Hugo’s bijbaan: elke zaterdag in touw bij boomkwekerij
Vooral de Ilex crenata doet het deze lente erg goed in de verkoop, zegt Hugo Jelier (16) uit Ederveen. De lastige naam van de populaire haagplant rolt de middelbare scholier zonder problemen uit de mond.
Hugo werkt nu vier jaar elke zaterdag en in de vakanties bij boomkweker Jan Konijn in Lunteren. Hij is daarmee een van de 210.000 middelbare scholieren met een bijbaan. Geen vakkenvullen of kranten rondbrengen, zoals veel jongeren doen. „Dit werk is lekker fysiek. Aan het einde van de dag voel ik mijn spieren wel.”
De scholier zit in de vierde klas van de havo op het Van Lodenstein College in Amersfoort. Een jaar of vier geleden was hij op zoek naar een bijbaan. „Mijn moeder noemde de naam van de boomkwekerij. De familie van het bedrijf ken ik al vanaf de basisschool, dus ben ik eens langs gegaan. De zaterdag daarop kon ik direct beginnen.”

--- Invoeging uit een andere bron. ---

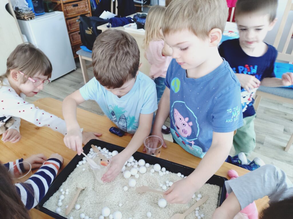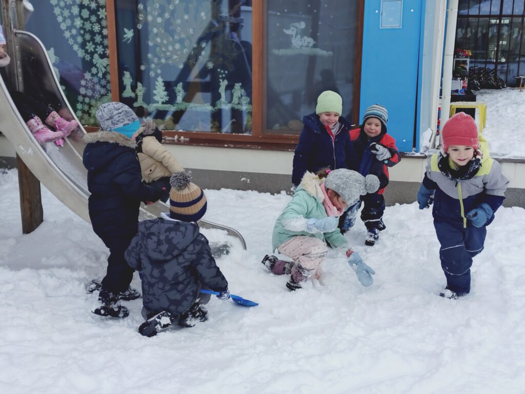 A téli napok során játékosan ismerkedtünk a hó halmazállapot-változásával is. Megfigyeltük, hogy a melegben a hóból víz lesz, azt a hidegre kitéve megfagy, majd a csoportszobában elolvad, és vízzé válik, közben beszélgettünk a fagyásról és az olvadásról. Így a tél nemcsak élmény, hanem tanulás is, tele örömmel, játékkal és felfedezéssel.

De eerste maanden bestond het werk van Hugo vooral uit onkruid trekken. Maar hij is opgeklommen in het bedrijf, zoals hij het zelf zegt. „Eigenlijk doe ik nu hetzelfde werk als mijn baas: klanten helpen, planten verkopen; het meeste wat er in ons bedrijf gebeurt, doe ik ook.”
Boomkwekerij Jan Konijn levert allerhande soort planten –van oudsher vooral coniferen– aan handelaren en particulieren. Vooral de export is de laatste jaren gegroeid, aldus Hugo. Welke plant het goed doet deze lente? „De Ilex crenata. Die lijkt op de buxus, maar is sterker. De buxus heeft op het moment veel last van schimmels en rupsen.”
Schakelbrommer
De reden waarom Hugo een bijbaan zocht, is omdat hij niet gemakkelijk stil kan zitten. „Ik merkte dat ik op zaterdag pas laat uit bed kwam en de hele dag niets te doen had. Dat vind ik helemaal niks.”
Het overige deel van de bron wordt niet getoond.